• _TO DO_: An exact repetition of every entry, with no images, is the required answer.

• _SOURCE RECORDS_:

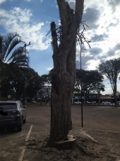 Situação urgente na praça da Catedral. Iniciaram uma poda de árvore e deixaram o serviço pela metade...
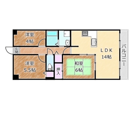 | 間取り詳細 | LDK 14畳 、 洋室 5.5畳 、 洋室 4畳 、 和室 6畳 |
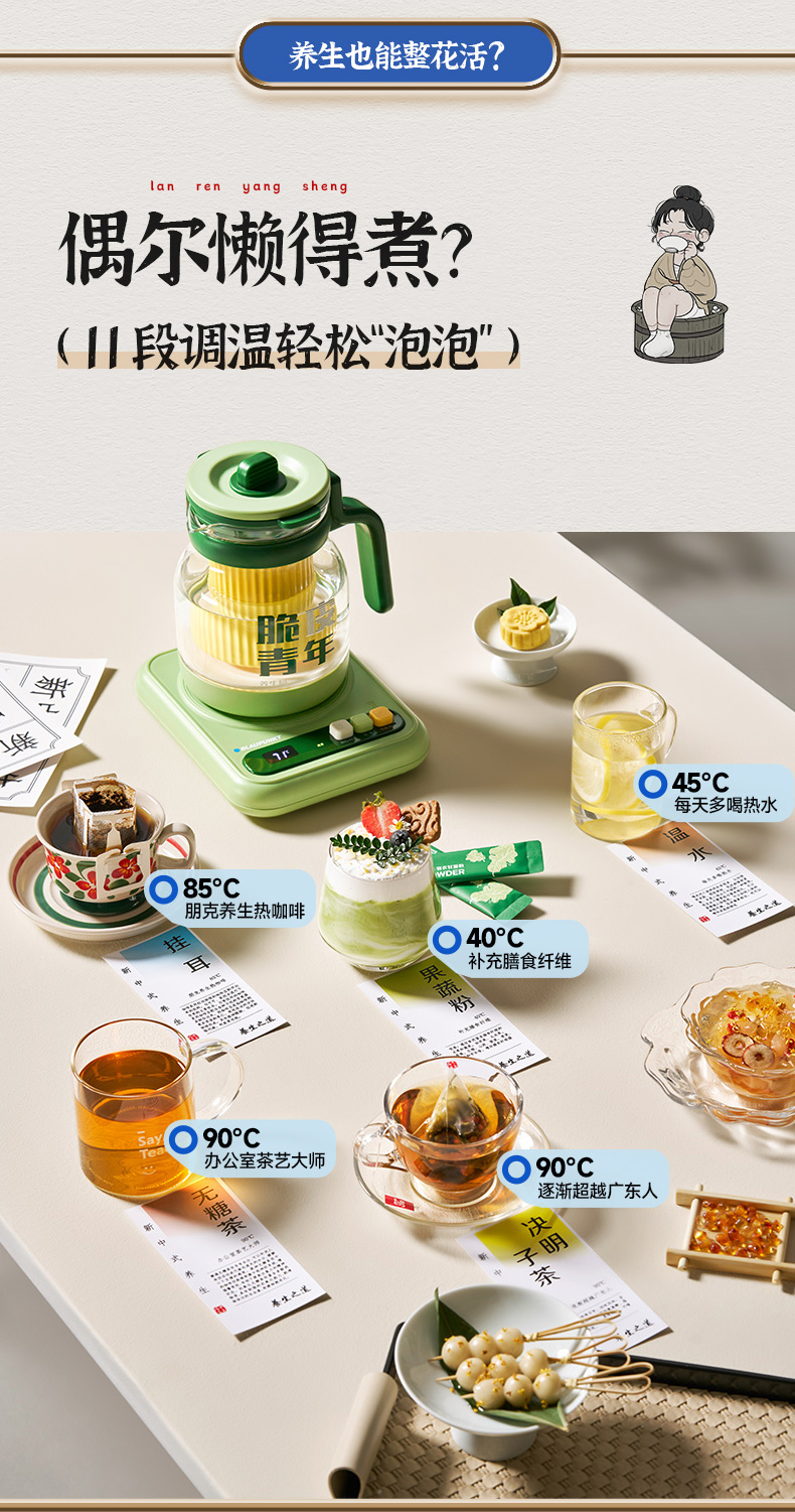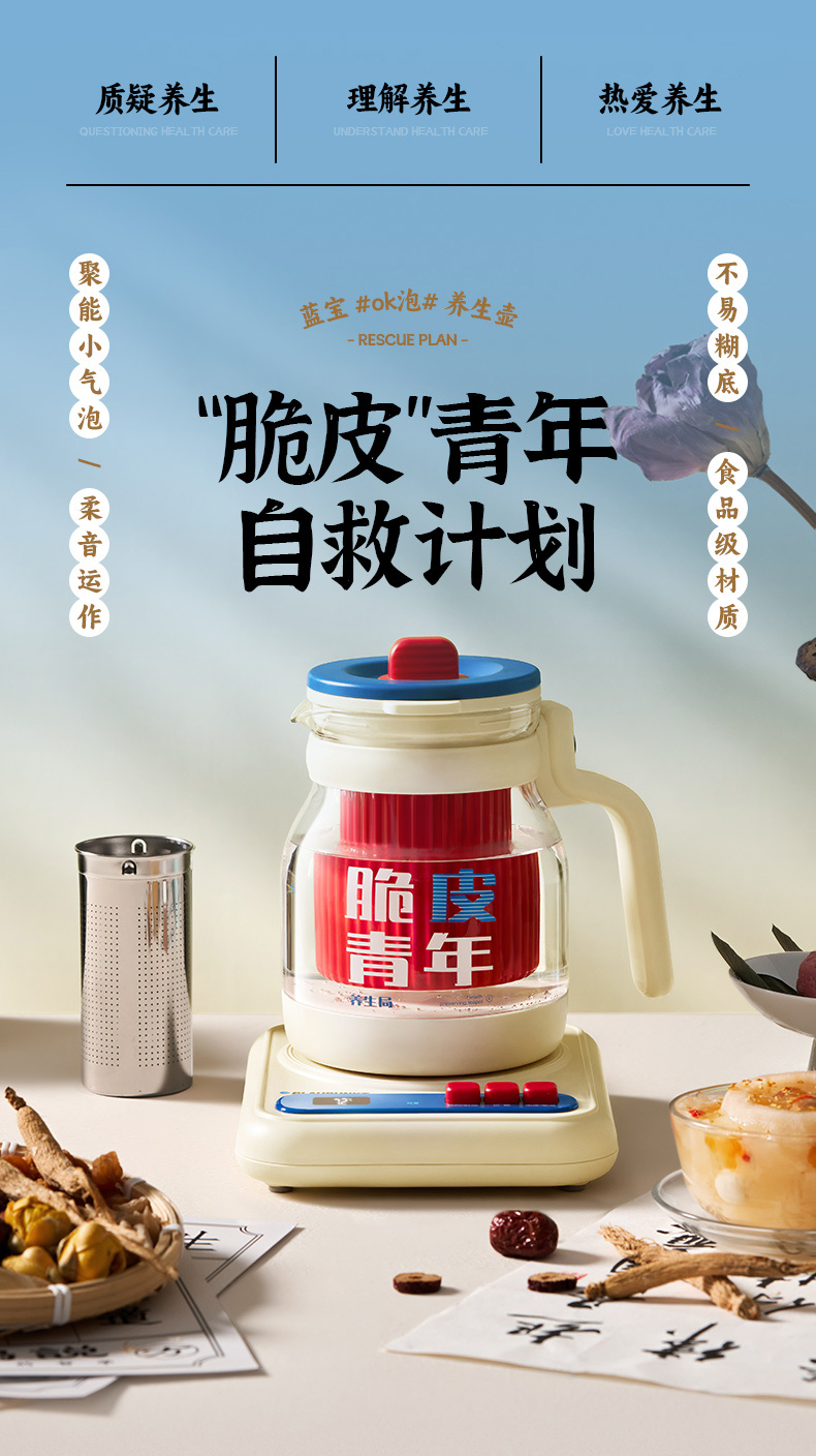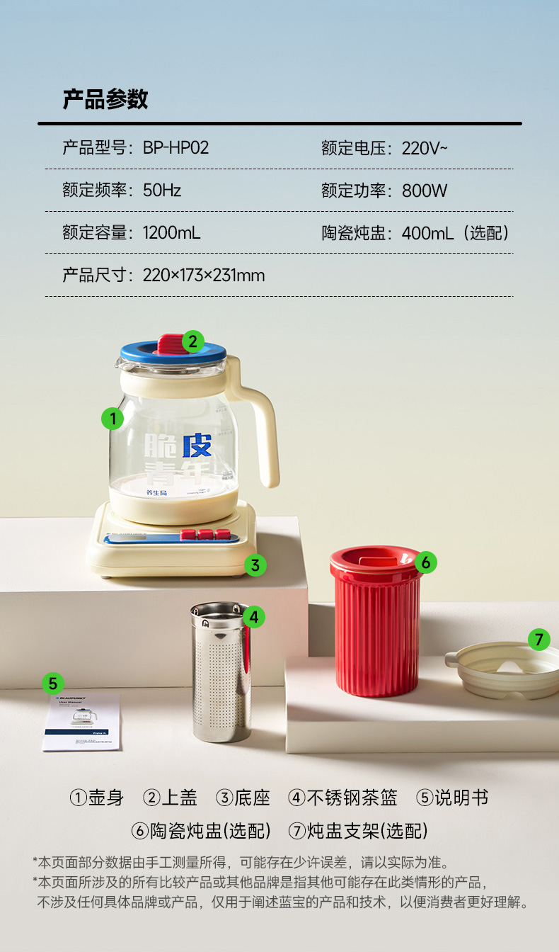 【聚能小气泡萃煮技术】蓝宝养生壶 柔音炖煮 烧水快不溢出 6大菜单可选 11段调温 1.2L大容量 BP-HP02
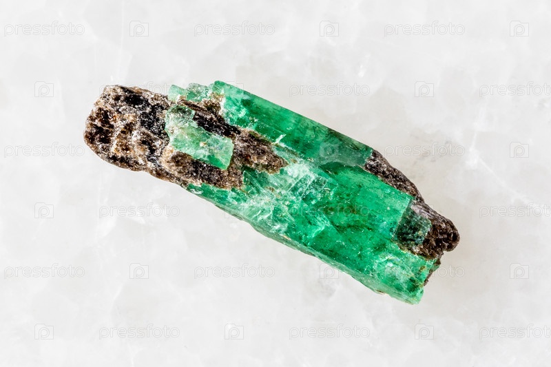 Образец сырого изумрудового кристалла на белом мраморе
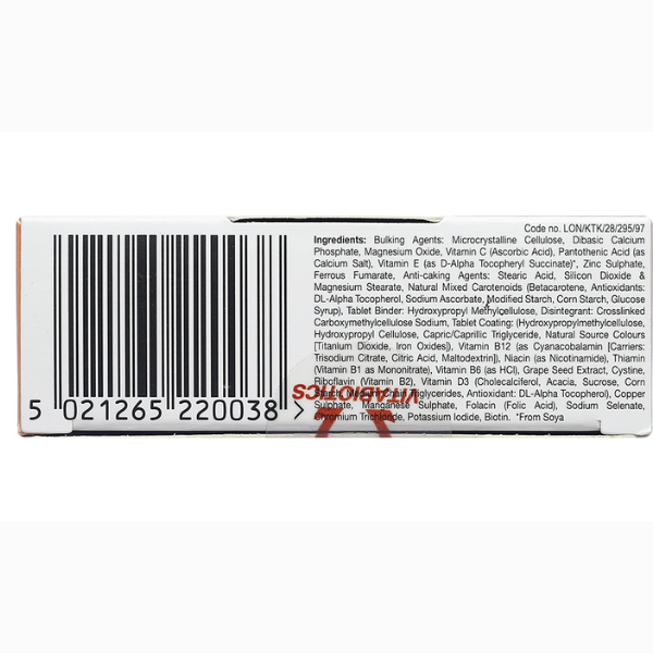 Thành phần khác: Microcrystalline Cellulose, Dibasic Calcium Phosphate, Stearic Acid, Silicon Dioxide, Magiê Stearate, Natri Ascorbate, Tinh bột biến tính, Tinh bột ngô, Glucose Syrup, Hydroxypropyl Methylcellulose, Crosslinked Carboxymethylcellulose Sodium, Hydroxypropyl Cellulose, Capric/Caprillic Triglyceride, Acacia, Sucrose, Medium Chain Triglycerides, Titanium Dioxide, Oxide Sắt, Trisodium Citrate, Citric Acid, Maltodextrin.
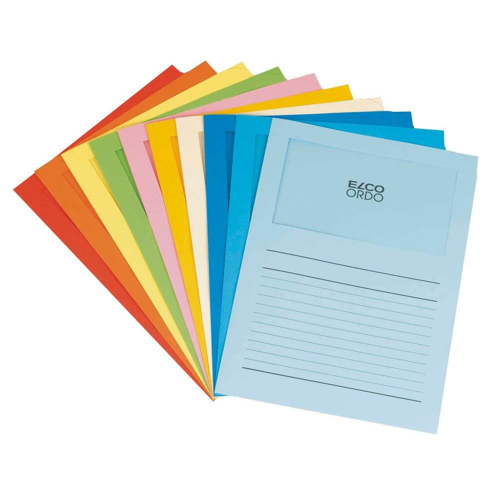 Organisationsmappe Elco Ordo classico. Ausführung: mit Sichtfenster in Größe 180 x 100 mm, mit Linienaufdruck. Ohne Verschluß. Werkstoff: Papier. Flächenmasse des Papiers: 120 g/qm. Verwendung für Papierformate: A4. Größe (B x H): 220 x 310 mm.
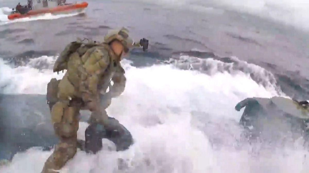 "Detén tu bote, ahora", ordenó el oficial, mientras los otros oficiales grababan el momento y se preparan con sus armas y sus gafas de visión nocturna. El jefe de la operación, a bordo de la embarcación de la Guardia Costera, es quién en el video indicó a los narcotraficantes que detuvieran la marcha, justo antes de que el resto del equipo salte hacia el vehículo.

• _RESULT BELOW_:
 Situação urgente na praça da Catedral. Iniciaram uma poda de árvore e deixaram o serviço pela metade...
 | 間取り詳細 | LDK 14畳 、 洋室 5.5畳 、 洋室 4畳 、 和室 6畳 |
 【聚能小气泡萃煮技术】蓝宝养生壶 柔音炖煮 烧水快不溢出 6大菜单可选 11段调温 1.2L大容量 BP-HP02
 Образец сырого изумрудового кристалла на белом мраморе
 Thành phần khác: Microcrystalline Cellulose, Dibasic Calcium Phosphate, Stearic Acid, Silicon Dioxide, Magiê Stearate, Natri Ascorbate, Tinh bột biến tính, Tinh bột ngô, Glucose Syrup, Hydroxypropyl Methylcellulose, Crosslinked Carboxymethylcellulose Sodium, Hydroxypropyl Cellulose, Capric/Caprillic Triglyceride, Acacia, Sucrose, Medium Chain Triglycerides, Titanium Dioxide, Oxide Sắt, Trisodium Citrate, Citric Acid, Maltodextrin.
 Organisationsmappe Elco Ordo classico. Ausführung: mit Sichtfenster in Größe 180 x 100 mm, mit Linienaufdruck. Ohne Verschluß. Werkstoff: Papier. Flächenmasse des Papiers: 120 g/qm. Verwendung für Papierformate: A4. Größe (B x H): 220 x 310 mm.
 "Detén tu bote, ahora", ordenó el oficial, mientras los otros oficiales grababan el momento y se preparan con sus armas y sus gafas de visión nocturna. El jefe de la operación, a bordo de la embarcación de la Guardia Costera, es quién en el video indicó a los narcotraficantes que detuvieran la marcha, justo antes de que el resto del equipo salte hacia el vehículo.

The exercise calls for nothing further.